October 2023 - Conviction of Cannabis Activist: Brian Jafta leader of Ganja Users of Namibia (GUN) and the Rastafari United Front (RUF) in Namibia was convicted on cannabis related charges and sentenced to two years in prison. His conviction was widely condemned by cannabis advocates, who viewed it as a political move to silence a prominent voice for legalization.

June 2024 - Namibian Government Upholds Cannabis Prohibition: Namibian government, through the Ministry of Health and Social Services, declined to permit the commercial cultivation of cannabis for medicinal purposes, citing the availability of effective existing treatments contrary to fact - based evidence that cannabis offers unique medical and therapeutic benefits and many reports of critical medications frequently being out of stock at state hospital pharmacies. Angela Prusa, founder of CHAN, expressed disappointment, emphasizing that cannabis offers a natural alternative with fewer side effects compared to many current pain medications. She noted that the decision appeared not to be based on available evidence.

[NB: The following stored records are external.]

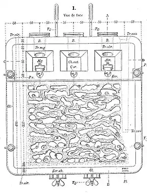 In parallel with his professional activities, Charles Janet began a university course at the Sorbonne in 1886. He was also co-opted to become a member of the French Entomological Society and the French Zoological Society. First in his class, he then began a thesis on ants and obtained his doctorate in natural sciences in 1900. Even before the end of his studies, the French Academy of Sciences regularly published his research in its reports and awarded him the Thore Prize in 1896.[8][9] In 1899, he was elected president of the French Zoological Society. In 1900, he improved his artificial nests and won great success with them at the Universal Exhibition in Paris.[10] His popularity was then large enough to attract the interest of journalists who described in detailed articles the new public's passion for ants. In 1909, the French Academy of Sciences awarded him the Cuvier Prize[11] for the most remarkable work in zoology. Around 1900, Charles Janet was a recognized entomologist among zoologists and known to the general public. However, he conducted several research in many areas in parallel. His work consisted of over 4,000 pages of scientific articles. Today, Charles Janet is perceived either as a myrmecologist from the past or as an emerging chemist.
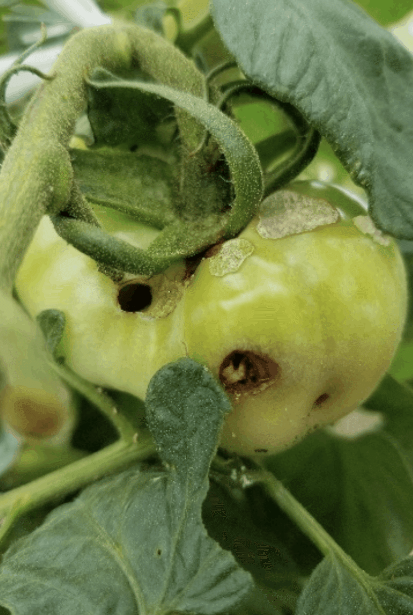 タバコガの被害は、とにかく葉っぱや実を食い荒らしてしまうこと。写真のように、実が穴だらけの状態になることも珍しくありません。
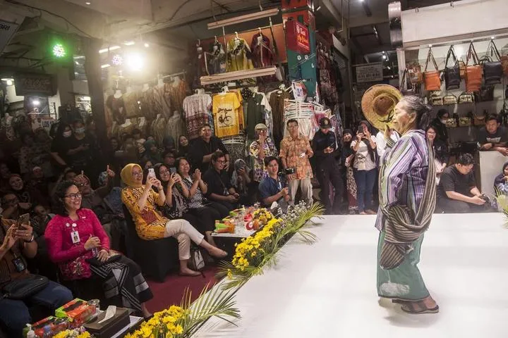 انڈونیشیا، یوگیاکارتا میں برنگ ہارجو مارکیٹ میں برنگ ہارجو فیشن ڈے میں ایک تاجرشرکت کر رہی ہے۔ (شِنہوا)
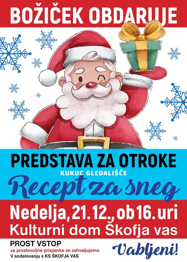 Vljudno vabljeni na otroško predstavo Recept za sneg v izvedbi Kukuc gledališča, ki bo v nedeljo, 21.12.2025, ob 16:00 v dvorani Kulturnega umetniškega društva bratov Dobrotinšek Škofja vas.
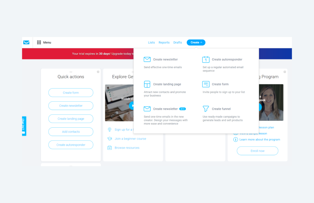 Pulpit nawigacyjny GetResponse z początku wydaje się bardzo prosty, ale po chwili staje się nieco mylący. Działa głównie w oparciu o kafelki, więc musimy przewijać stronę, aby zobaczyć wszystkie opcje. Możemy jednak uzyskać dostęp do tych samych opcji z menu rozwijanego lub z górnego paska. Mamy więc trzy punkty dostępu do tych samych funkcji. Niektórzy mogą uznać to za przydatne, ale osobiście dla mnie wydawało się to nieco chaotyczne. Wygląd panelu jest podobny do MailChimp.
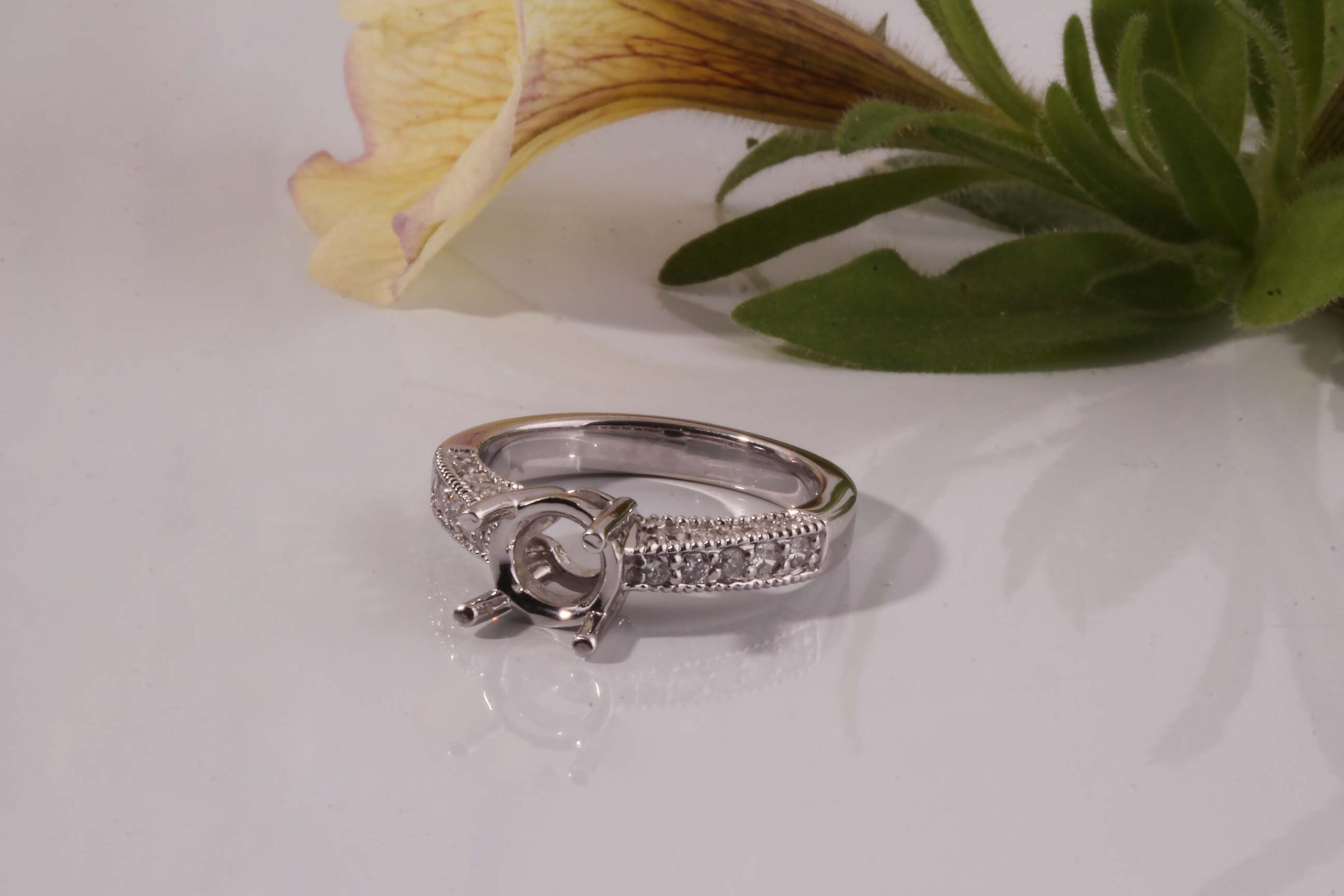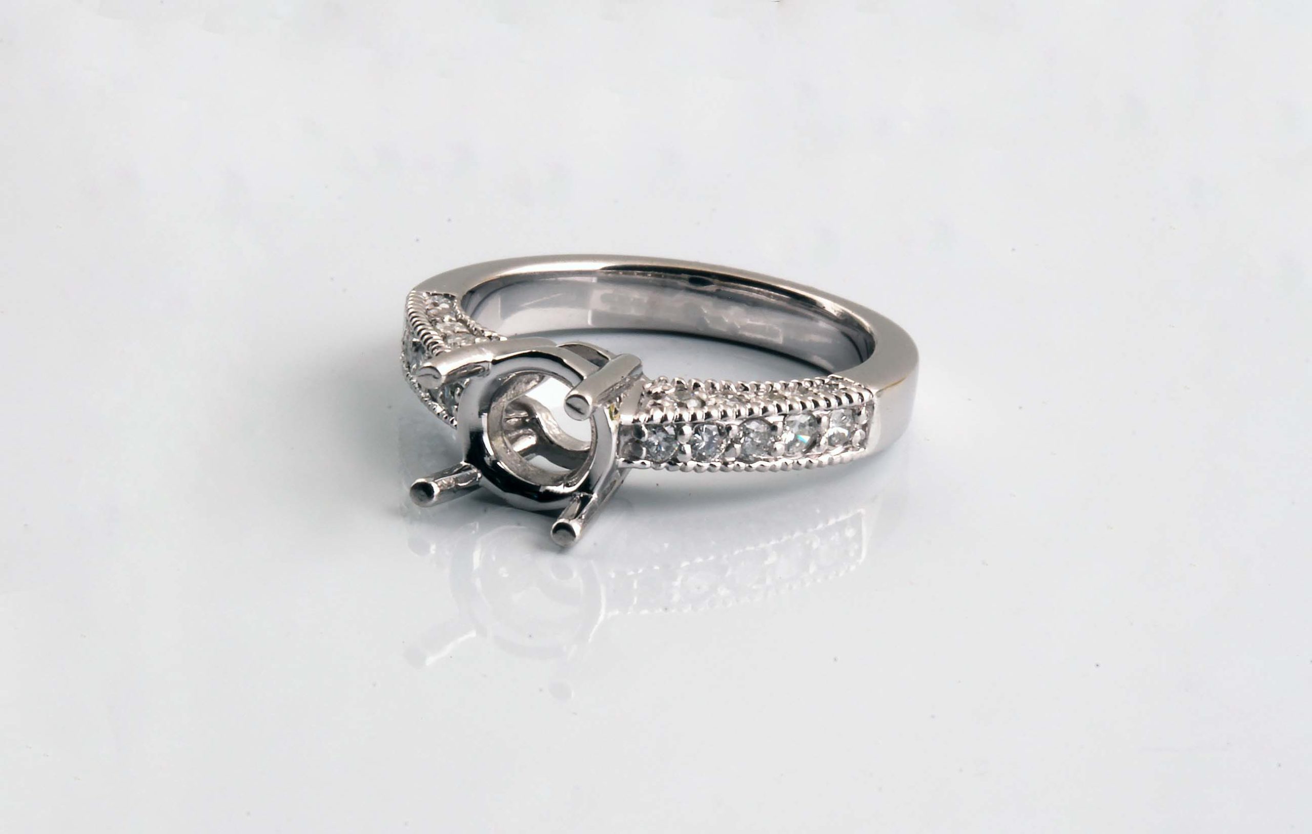 Diamond Engagement Semi-Mount Milgrain 0.52 TDW in 14K White Gold – Stock# 5108
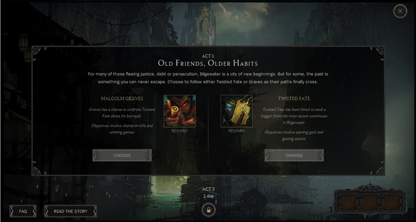 然后选择一边。在第一幕是在格雷福斯与崔斯特之间选择,注意每一幕只能选择一边。

2 September 2024 - Keetmanshoop Magistrate Strikes Ellest ‘Speedy’ Plaatjie Murder Case From Court Roll: The Keetmanshoop Magistrate’s Court removed the case of Ellest ‘Speedy’ Plaatjie’s murder from the court roll due to what was cited as an "incomplete police investigation." The case involved two members of the Special Reserve Force, Bernard Mulisa and Wilbard Neshuku, who were accused of assaulting Plaatjie, leading to his death. The officers’ bail of N$3,000 each was refunded, further fueling public frustration over the lack of accountability. Activists condemned the decision, stating that the delays and legal loopholes were being used to shield law enforcement from consequences.

October 2024 - Calls for Transparency in Plaatjie’s Case Fall on Deaf Ears: Despite repeated requests from the police for clarity regarding the provisional withdrawal of the case, the prosecution remained unresponsive. Regional Crime Investigations Coordinator, Commissioner Nicodemus Mbango, stated that his office had not received the case docket from the prosecution since the matter was removed from the court roll. The lack of communication has led to further distrust among activists and the public, who view the delays as deliberate attempts to deny justice to Plaatjie’s family. Prosecutor General Martha Imalwa, responding from outside the country, claimed that the case remained under investigation but provided no clear timeline for further action. The continued lack of transparency in the handling of the case reinforced concerns about impunity for police brutality in Namibia.

November 2024 - Brian Jafta Sues Prison Services Over Forced Hair Cutting: Brian Jaftha who had been growing his dreadlocks for more than 20 years as part of his Rastafari faith, was allegedly forced by prison officials to cut his dreadlocks against his will on 16 December 2023. Article 18 of the Universal Declaration of Human Rights and the International Covenant on Civil and Political Rights: protect and individuals freedom to express and practice their religion. The Namibian Constitution, particularly Section 14 guarantees freedom of conscience and cultural expression.

10 December 2024 - Cannabis Activists March on International Human Rights Day: Another protest was held by members of the cannabis activist community which was planned by GUN leadership to take place on International Human Rights day due to its relevance to the subject of cannabis prohibition. There were representatives from RUF, CHAN and medical cannabis advocates in attendance demonstrating solidarity between a variety of individuals from diverse backgrounds. Angela Prusa of CHAN was also present.

The Fight Continues: Despite years of activism, legal battles, and tragic losses, the struggle for cannabis legalization in Namibia continues. The cases of Ellest “Speedy” Plaatjie and Niita Nujoma serve as stark reminders of the human cost of prohibition. As global attitudes shift toward cannabis reform, Namibian activists remain determined to push for policies that uphold human rights, promote public health, and support economic development.